190823 oil rig
Oil markets on Monday opened with Brent trading at $63.73 and West Texas Intermediate (WTI) on $58.03, both up. Image Credit: Pixabay

Abu Dhabi: US-China trade talks on a potential phase one trade deal will continue to be the main driver of oil prices, with markets on Monday opening with some gains on the back of renewed optimism on a deal, said analysts.

“Oil markets remain spellbound by US-China trade headlines … After recording greater than 1 per cent moves each day last week Brent futures ended the week at $63.39/b a gain of just 0.14 per cent, while WTI was up even less, settling the week at $57.77 per barrel,” said Edward Bell, commodity analyst, Emirates NBD.
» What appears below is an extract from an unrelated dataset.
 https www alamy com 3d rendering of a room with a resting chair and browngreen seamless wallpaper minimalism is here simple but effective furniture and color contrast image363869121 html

Oil markets on Monday opened with Brent trading at $63.73 and West Texas Intermediate (WTI) on $58.03, both up from their closing on Friday.

Opec+ meeting

With the Opec+ meeting next month to review its production cuts, Bell said that the bloc could decide on further cuts to stabilise prices.

“Opec holds its next meeting on December 5, joined by non-Opec participants in its production cuts the following day … Opec+ has few enviable choices at its meeting. A rollover of the current production cut agreement appears to us the most likely outcome.
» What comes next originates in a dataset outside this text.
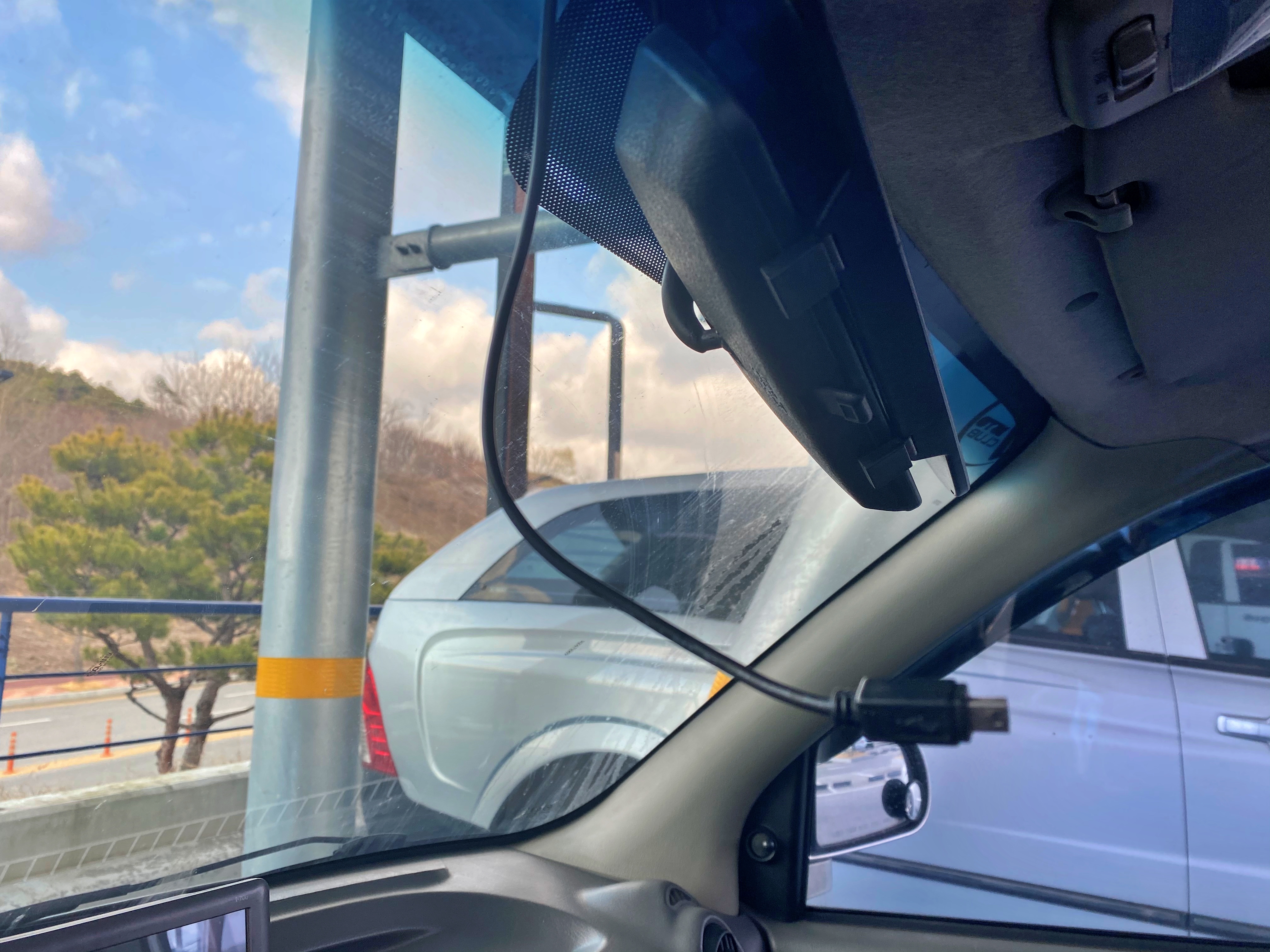 필러트림을 타고 올라와 천장재 사이 틈으로 해서 룸미러 아래로 블랙박스 배선을 빼줍니다.

“There is a chance the producers’ bloc could endorse deeper level of cuts. But there is no guarantee that heavier cuts would result in prices ending up near where Opec+ economies need them to balance budgets or keep external accounts stable,” he added.
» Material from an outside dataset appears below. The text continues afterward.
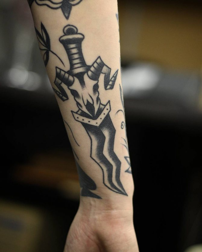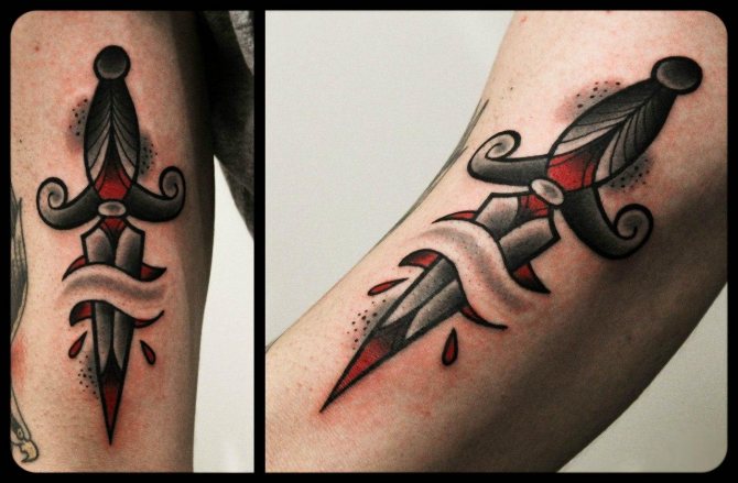 Tattoo with a knife, dagger or sword appeared quite recently. It can become a reliable talisman, protect from the evil eye, bring meaning and direction to life, emphasizing the strengths of its owner's character.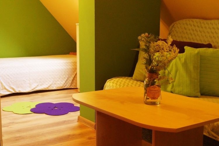 Pokoje pod Orłem znajdują się na niewielkim wzniesieniu, skąd rozpościera się widok na góry i las. Możliwość odpoczynku i relaksu dopełnią liczne atrakcje okolicy. Oferujemy Państwu 25 komfortowych miejsc noclegowych w domu i domku. W domu do dyspozycji gości posiadamy nowoczesne pokoje, z dostępem do w pełni wyposażonych aneksów kuchennych (kuchenka, lodówka, mikrofalówka, czajnik elektryczny, naczynia, sztućce) i łazienek znajdujących się na każdym piętrze. Na działce znajdują się huśtawki, stoły, ławy, grill, plac zabaw dla dzieci oraz parking.

“A higher level of cuts of 1.75 million barrel per day (bpd) would still result in a surplus of around 800,000 bpd in the first half 2020 before a moderate deficit emerges in the second half. That also assumes that all participants achieve 100 per cent compliance with the higher level of cuts,” Bell said, highlighting how oversupply would continue to remain an issue even in the face of more production cuts by the Opec+ group.

Ole S Hanson, head of commodity strategy, Saxo Bank, said that oil prices would continue to remain in the low $60 range due to market oversupply. “While the global economic slowdown and its impact on demand may approach a stage of being fully priced in the short-term, outlook remains troubled by the prospect for strong non-Opec supply not being countered by action from the Opec+ group.

“On that basis and barring any geopolitical disruption, we maintain the view that Brent crude oil is likely to remain stuck in the low $60s before eventually recovering sometime during 2020,” he added.